I'm a horrible artist, but a decent photographer. I think that's because I lack the ability to conceptualize something visual from scratch (other than words, but that's something else entirely). The hardest things for me to photograph are people in a studio setting and the occasional still life that I construct.
Let me use board games to illustrate my point: I'm a great Boggle player, but not very good at Scrabble. Boggle is about recognizing patterns within set parameters and literally connecting those dots (letters) to form a word. Scrabble is less structured— it's about creating the parameters and then recognizing a pattern. I can take a decent photograph because it's about framing things within parameters, as opposed to taking a blank canvas and creating something from scratch. That tangent had a point, which I'll come to presently.

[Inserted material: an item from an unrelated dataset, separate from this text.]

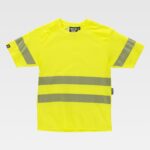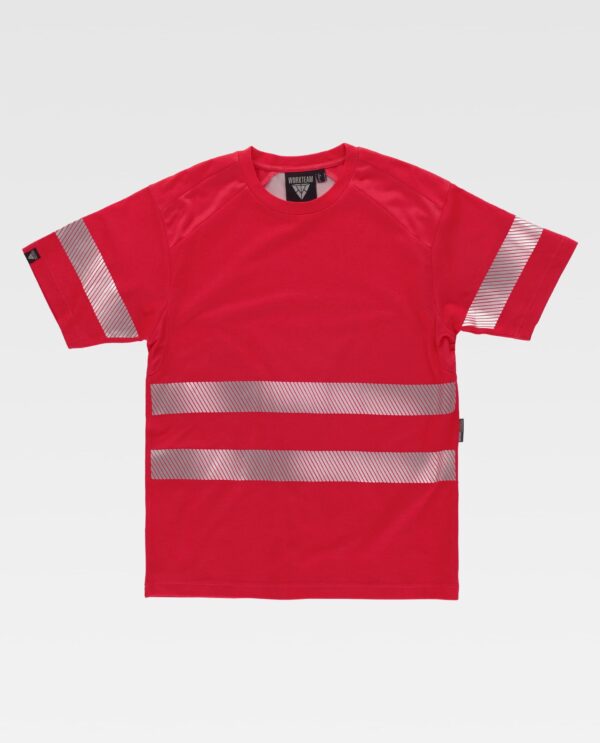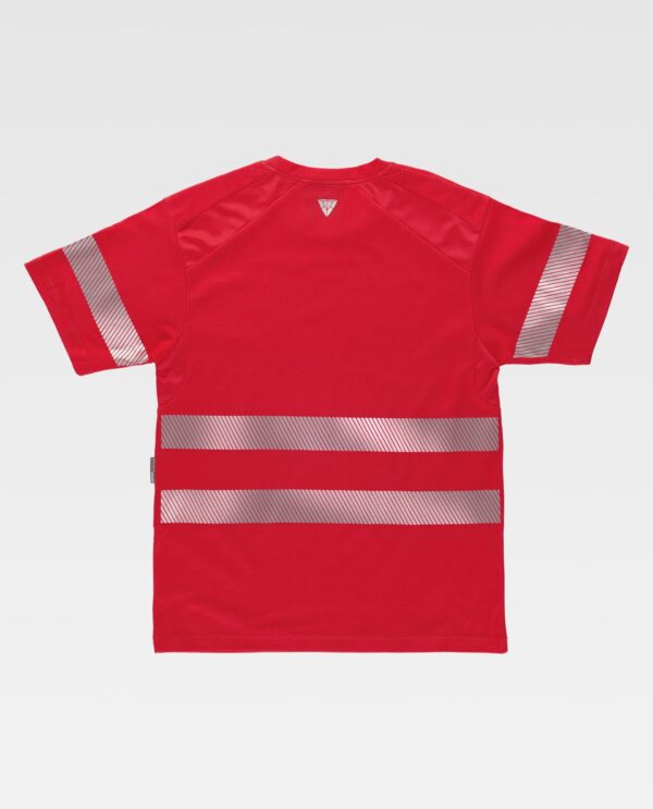 T-shirt de manga curta em micro-piqué de poliéster com interior de algodão. Refletoras segmentadas e tecido de malha para regular a transpirabilidade. Gola clássica com abrange no interior. Uma fita segmentada termo-adesiva nas mangas e duas no peito e costas.

Beauty is one of the many tools that artists use. I use beauty as my yardstick for evaluating things that are a) good and b) appeal to me. Knowing that Picasso painted gorgeous "traditional" subject matter before turning the art world on its head shows me that he's "good." And knowing that he's deliberately doing these things makes me sidestep the absence of straightforward (traditional) beauty and appreciate his cubist work as a) good and b) personally appealing. That is why I stood slack-jawed in the Musée Picasso, taking it all in, including the "Death of Casagemas" and the "Guernica"- era work last summer.
Incidentally, I couldn't remember what "Mademoiselles d' Avignon" looked like, so I googled it. The results included a Monty Python sketch and a French grammar lesson explaining that it's really "Les Demoiselles d'Avignon."